Our findings and conclusions are in line with reports from several other groups.

Strömer et al., 2020a, Strömer et al., 2020b also describe the predominant occurrence of low avidity IgG towards SARS-CoV-antigens while using the prototype and final version of our assay system (Bauer et al., 2021a). Liu et al. (2020) reported that IgG towards S1 and RBD of SARS-CoV-2 showed avidity indices <0.3 within the first 45 days after onset of disease, except for 1 serum with an avidity index of approximately 0.8 before day 10.
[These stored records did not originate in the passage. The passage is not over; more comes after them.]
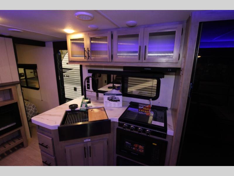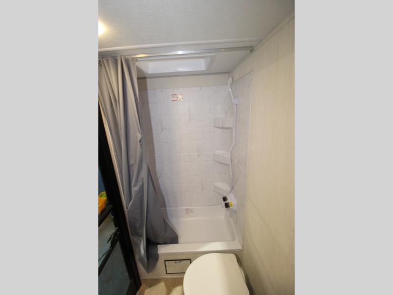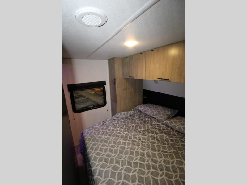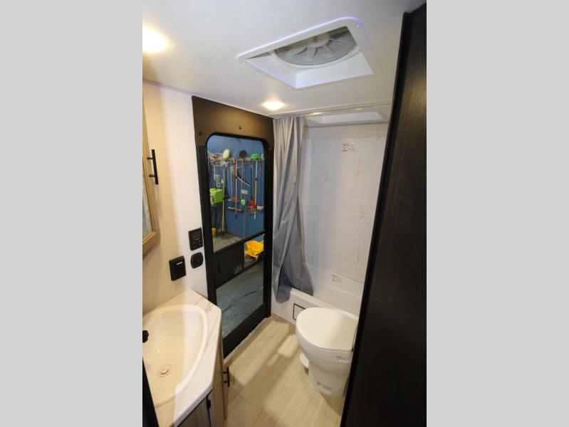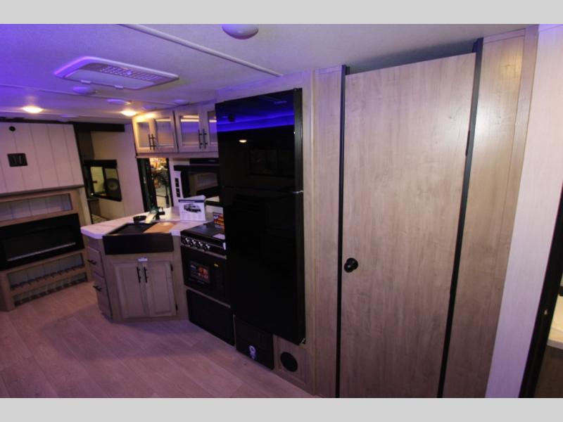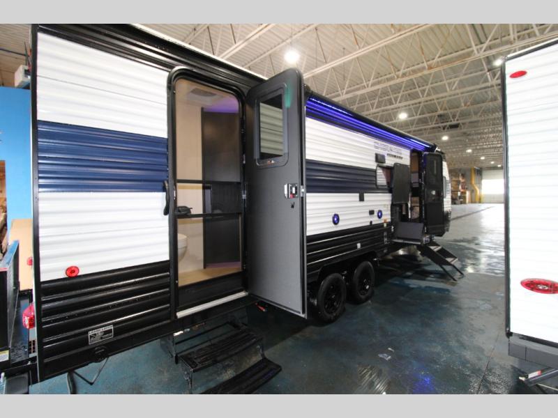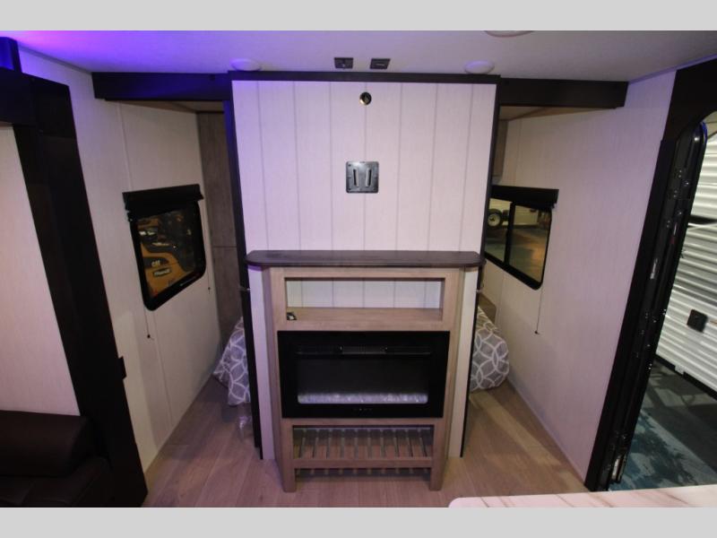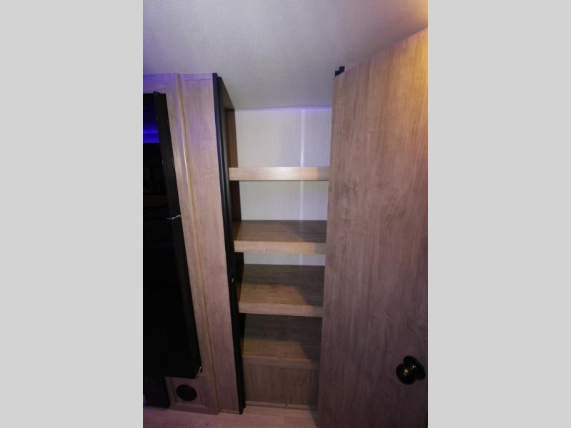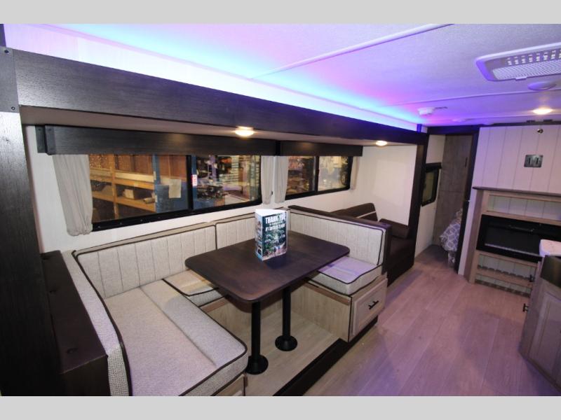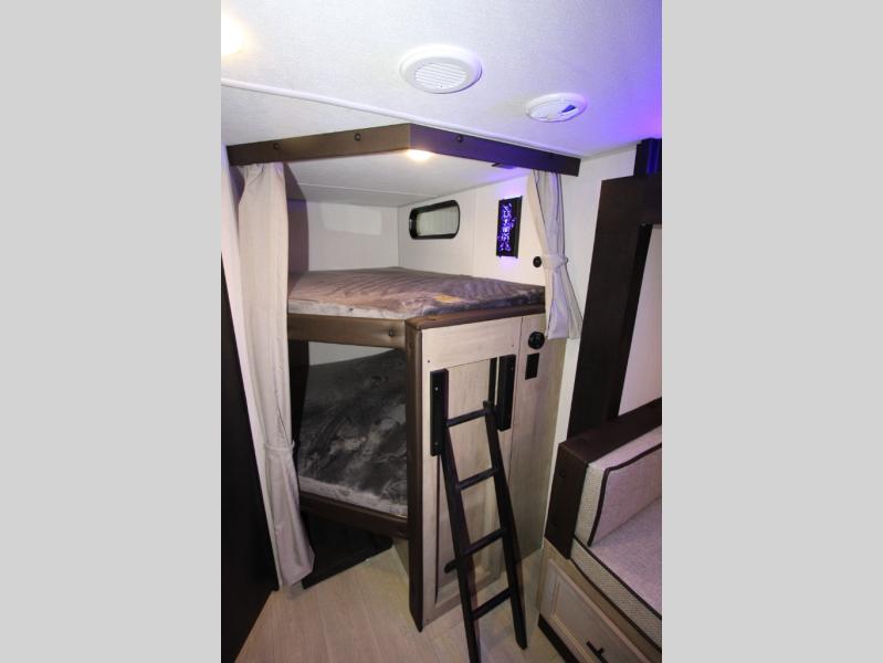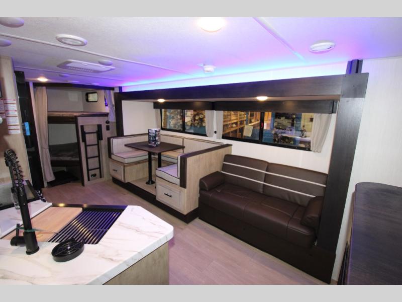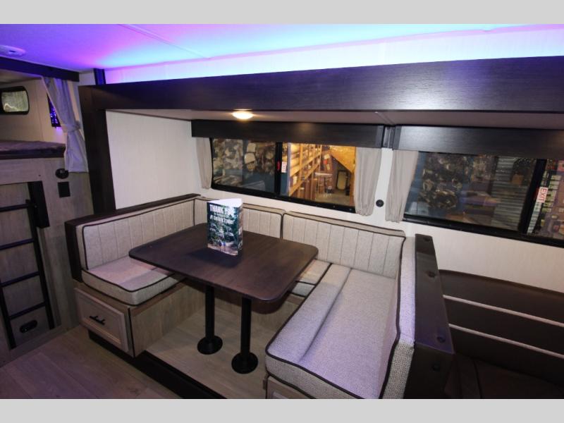 Come on inside this Cherokee Grey Wolf travel trailer and experience the convenience of a smooth flow of traffic in and out with two entry doors. The rear door leads into a full bath which is great for accessibility. Once inside, you will notice the large U-shaped dinette and the sofa which sit on the slide and create a spacious footprint for moving about, as well as great places to play games and socialize with your friends and family. A walk-in pantry provides plenty of storage allowing you to stock up on your favorite snacks and dry goods for your family adventure. At night, there is sleeping space for everyone between the double-size bunks and the RV king bed, plus the furniture.
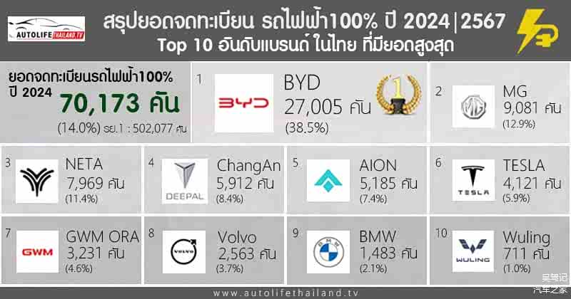 据泰国autolife thailand报道,1-12月,比亚迪Dolphin销量为13,386辆,位居电动汽车注册销量榜第1位。比亚迪Atto3销量为7,747辆,位居电动汽车注册销量榜第2位。比亚迪Seal销量为5,156辆,位居电动汽车注册销量榜第5位。
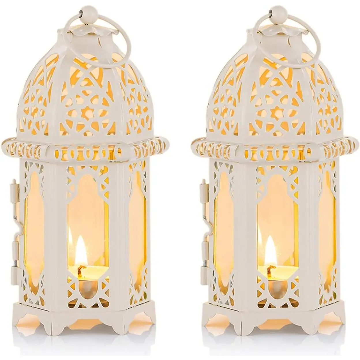The lantern is made from metal with transparent glass panels, finished in a captivating cobalt hue that evokes a Moroccan aesthetic. The structure is designed to be both visually striking and functional, with a focus on portability and durability.
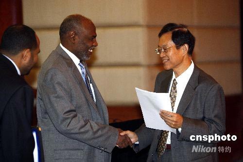 6月26日,以“和平、發(fā)展”為主題的蘇丹達(dá)爾富爾問(wèn)題國(guó)際研討會(huì)在北京舉行,中國(guó)政府達(dá)爾富爾問(wèn)題特別代表劉貴今(右)和參會(huì)代表在會(huì)前交談。中新社發(fā) 杜洋 攝
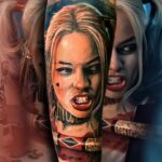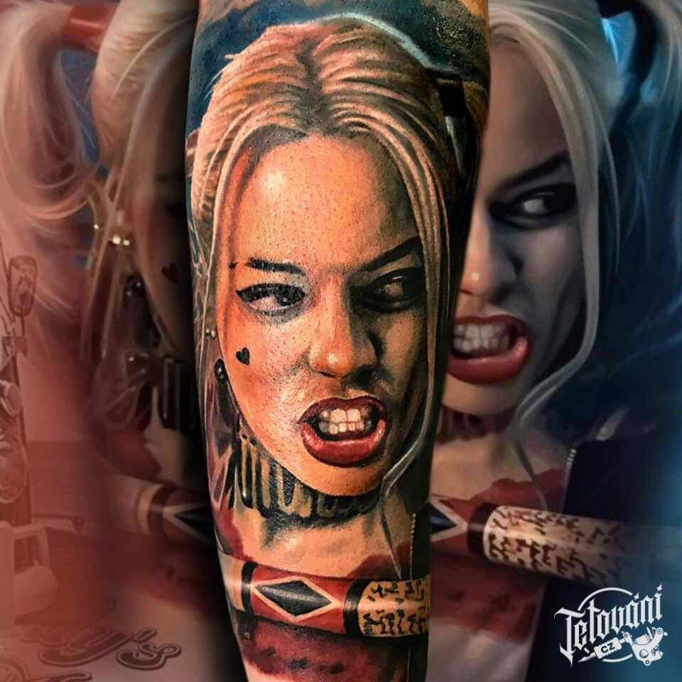 Tetování z filmů a pohádek portrét Harley Quinn na předloktí

Benner et al. (2020) stated that (i) antibody avidity increased over the duration of infection and remained elevated; (ii) antibody avidity correlated with infection duration and higher neutralizing titers. However, the dissociation constant (DC)50 values for urea during avidity determination, as shown for convalescent sera in their study, had a median between 4–5 M for IgG towards the spike protein and 6 M for NP. These values indicate that at 7 M urea, the discriminative concentration used in our studies, an avidity index of <0.5 would have been determined for most sera. Therefore, despite the measurable avidity maturation, these sera remained at low or borderline avidity.

Klein et al. (2020) show (their Figure 2B) that their 126 convalescent sera were below an avidity index of 0.4 at 7 M urea, except for 3 sera. Luo et al. (2020) report on an increase over time in the avidity of IgG towards SARS-CoV-2 RBD. This kinetics is useful for the differentiation between acute and past SARS-CoV-2 infections. However, their assay was performed with 3 M urea, so the high avidity indices measured are converted to the low avidity range, where 7 M urea is used instead of 3 M. Therefore, their finding also supports the view that avidity maturation is frequently at a low level, which is best explained by incomplete avidity maturation, according to our findings.

Incomplete avidity maturation: an essential strategy of coronaviruses?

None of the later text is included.